Ever notice how most taglines are generic in meaning? Not only can competitors use most taglines interchangeably, but companies in other categories can and do use the same ones as well.

The hardest thing for people to market is themselves or their companies. They're just too close to the product.

For years I worked on Madison Avenue, helping companies establish their positions and taglines, among other things. It's also some of what I do nowadays with firms and people who take the Larry Chase Check-Up By Phone.


A tagline is suppose to telegraph to those who don't know you what it is that sets you apart. This is hard in a field like packaged goods, where there is "screaming parity." That is, most products that compete against each other are very similar in features, pricing, packaging, etc. But in every other category, you can usually find a USP (Unique Selling Proposition). Out of that USP should come your tagline that sets you apart from everyone else and tells the unknowing prospect what your focus is.

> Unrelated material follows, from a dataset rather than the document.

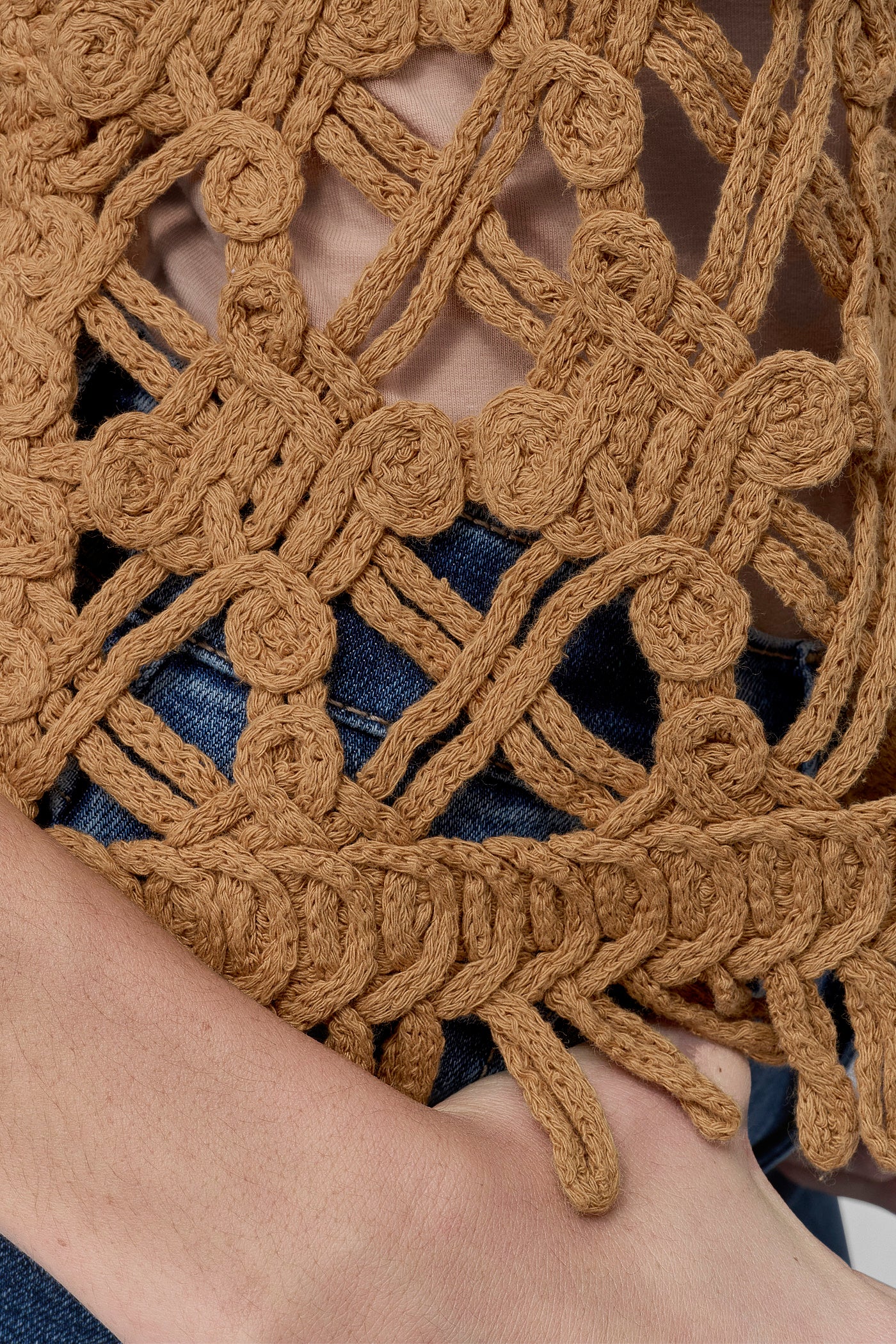 Elevate your wardrobe with the DKNY Crochet Scoop Neck Top in vibrant orange. Featuring intricate crochet detailing and a flattering scoop neckline, this stylish top combines effortless charm and breathable comfort-perfect for layering or making a bold statement on sunny days.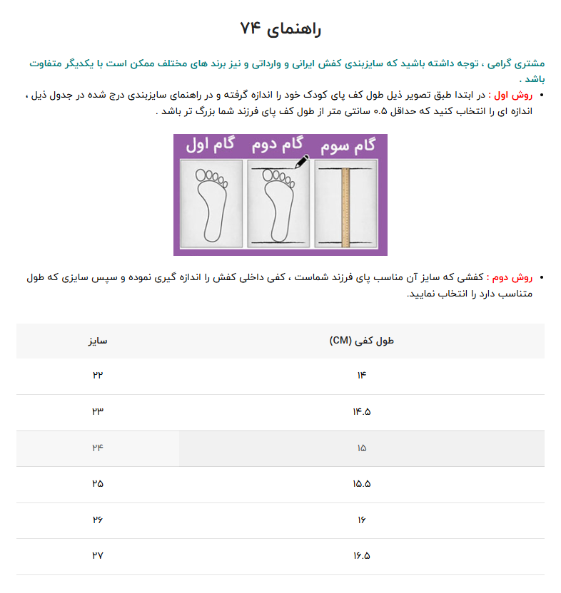 سایز: 23 الی 27 ( راهنما در اسلاید چهارم عکس ها)

One problem I see constantly is people try to keep their taglines too general, to serve as a catch-all in the hopes of not alienating some prospects. This is where the tagline exercise gets painful, as you have to decide from the get-go what you're not going to say and do. Instead of a catch-all, taglines that are too general serve to catch nothing.

Top-Ten Tagline Tips

Here are my "Top-Ten Tagline Tips" to help you devise a tagline that sets you apart from the rest.

1. Ask yourself if your competitor can "wear" your tagline. If they can, change it until only you can wear it.

2. Ask perfect strangers if they understand your business after seeing and hearing your tagline.

3. Write down taglines that flatly explain what you do. Don't worry about how slick they sound. You can always fine tune them later.

4. Collect other people's taglines that you like and examine what makes them work. Then apply that learning to the making of your tagline.

5. Before writing a tagline, figure out what your 150-word elevator pitch is. If you can't get your USP into a one-minute speech, you'll not be able to get it into seven or ten words.

6. Read "Focus" by Al Reis and "Realities in Advertising" by Rosser Reeves. Also, "Positioning: The Battle For Your Mind" by Trout and Reis.


7. Stay away from flip or hip sounding taglines. They will soon sound dated, and an international audience may not get the double entendre or idiom upon which it's based.

8. Must your tagline be slick-sounding? If you're selling running shoes, maybe yes. If you're selling die-casting equipment, decidedly not.

9. Is a tagline always essential? No. Especially if the name of your firm is self-explanatory.

10. Should you invent new words to be used in your tagline? Maybe yes, maybe no. You run the risk of dating yourself, or being misunderstood. But if it's the type of word that people love to say (sometimes called "playback") then you may want to consider this tricky option, but test the daylights out of it before you commit to it.

Bonus Tip: Don't change your current tagline just because you're tired of it. If people understand it and it serves you well, don't muddy the waters by confusing them with a new one unless absolutely necessary.